Hitachi Vantara Lumada
Last Updated: 3rd March 2021
The Lumada DataOps Suite from Hitachi Vantara has five components, as illustrated in Figure 1. Also available from the company is Pentaho Enterprise Edition (currently in version 9.1) and some of the capability offered by Lumada is based on leveraging Pentaho’s (open source) technology. This is especially true of the Data Integration and Enterprise Analytics components shown in this diagram. It is less true of the other elements of the Suite, particularly the Data Catalog (based on the acquisition of Waterline Data). While this has not yet been fully integrated with Pentaho, substantial elements of this integration (for example, registering objects into the catalogue from Pentaho and writing metadata, as well as reading capabilities) are already in place.

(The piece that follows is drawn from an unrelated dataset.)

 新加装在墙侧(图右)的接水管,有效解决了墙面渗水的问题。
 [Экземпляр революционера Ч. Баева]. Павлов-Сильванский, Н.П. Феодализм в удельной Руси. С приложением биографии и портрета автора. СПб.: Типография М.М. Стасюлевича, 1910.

The other important point to note about Figure 1 is the support for Lidar and other devices that are not usually supported by data integration vendors. This is indicative of Hitachi Vantara’s industrial focus and the company specifically targets manufacturing, logistics and Internet of Things applications as well as more traditional industries such as financial services, telecommunications, and healthcare.
“The functionality that Pentaho gives over proprietary vendors provides huge cost savings.”

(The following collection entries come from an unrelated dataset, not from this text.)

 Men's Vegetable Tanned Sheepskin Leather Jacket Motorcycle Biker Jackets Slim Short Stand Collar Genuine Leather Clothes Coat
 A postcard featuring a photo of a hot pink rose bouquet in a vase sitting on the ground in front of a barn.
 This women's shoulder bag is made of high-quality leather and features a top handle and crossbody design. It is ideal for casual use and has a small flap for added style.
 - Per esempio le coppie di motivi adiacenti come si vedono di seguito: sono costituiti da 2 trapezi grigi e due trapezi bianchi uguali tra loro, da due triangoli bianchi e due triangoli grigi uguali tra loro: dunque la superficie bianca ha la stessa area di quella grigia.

“CERN’s systems need to manage high volumes of confidential information on its employees and their families, so security, data governance, and data integrity are all paramount. After a review of five different proprietary and open source platforms, Pentaho emerged as best adapted to our needs.”

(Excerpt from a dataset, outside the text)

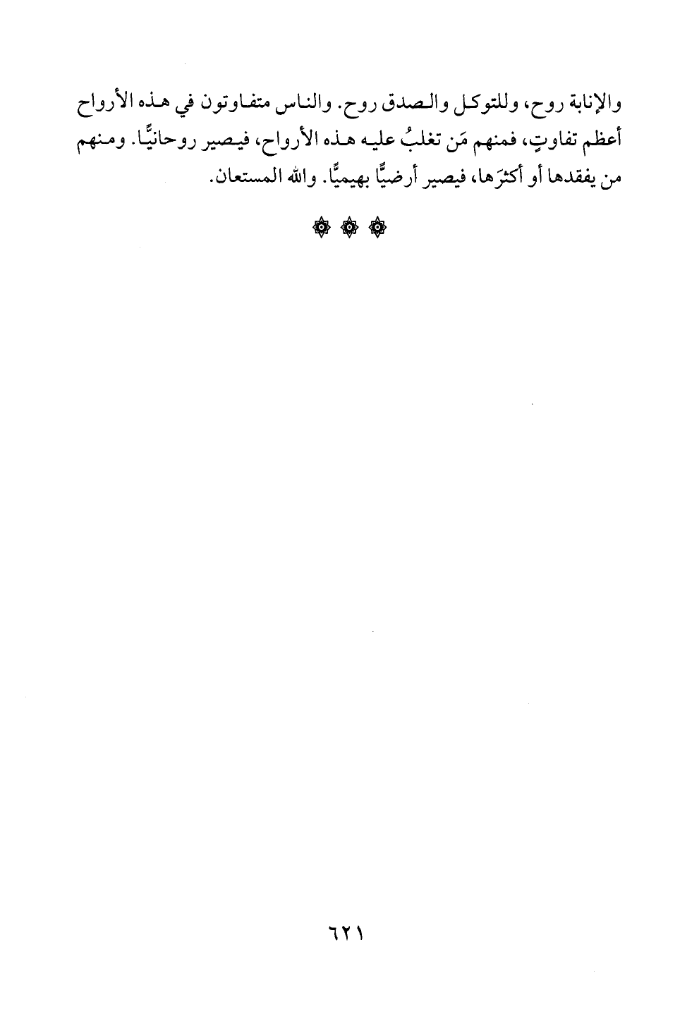 والإنابة روح، وللتوكل والصدق روح. والناس متفاوتون في هذه الارواح

“Hitachi Vantara has shown that it’s a true partner to customers. Pentaho is a great tool that’s evolved to meet the challenges of real people.”
The Lumada DataOps Suite aims to provide the functionality illustrated in Figure 2. That is, it is intended to support everything from the ingestion of data through to its analysis and presentation in dashboards. That said, while it includes some capabilities for data profiling within its data cataloging product (see below) it does not offer data quality or governance capabilities, for which it relies upon partners such as Collibra, as it does with data preparation and data masking. In addition, Lumada Data Optimizer for Hadoop offers orthogonal capability by providing intelligent data tiering for HDFS environments. The company is a partner of Cloudera’s.
As far as data integration is concerned, Figure 3 provides a snapshot of the capabilities offered though what it doesn’t tell you is that there is a distinction between Pentaho and Lumada Data Integration, where the latter consists of Pentaho Data Integration combined with Dataflow Studio, which is a web and microservices-based application that enables scalable execution of dataflow jobs for business users rather than only being targeted at IT folk. It also doesn’t tell you that Lumada Edge Intelligence (IoT Edge) provides a lightweight environment that supports the hosting of AI and machine learning in edge devices, along with real-time KPI-based dashboarding, alerting, and support for streaming data. More generally, streaming is supported in all its varieties: micro-batches or real-time, continuous or event-driven, as you require. Also not mentioned is the fact that the company offers more than 200 connectors; support for Jupyter Notebooks along with R, Python and TensorFlow; and an extensible framework that includes SDKs, APIs, and plug-ins. And that change data capture (CDC) is supported.
Finally, we should discuss the Lumada (previously Waterline) Data Catalog. This is targeted at both enterprise data lakes and traditional data environments. It provides a complete solution for data discovery, cataloguing and compliance on these platforms, and is particularly notable for its discovery process, which is based around using machine-learning driven “data fingerprinting” to tag data consistently and intelligently using a bespoke, machine learning driven solution for data discovery and tagging.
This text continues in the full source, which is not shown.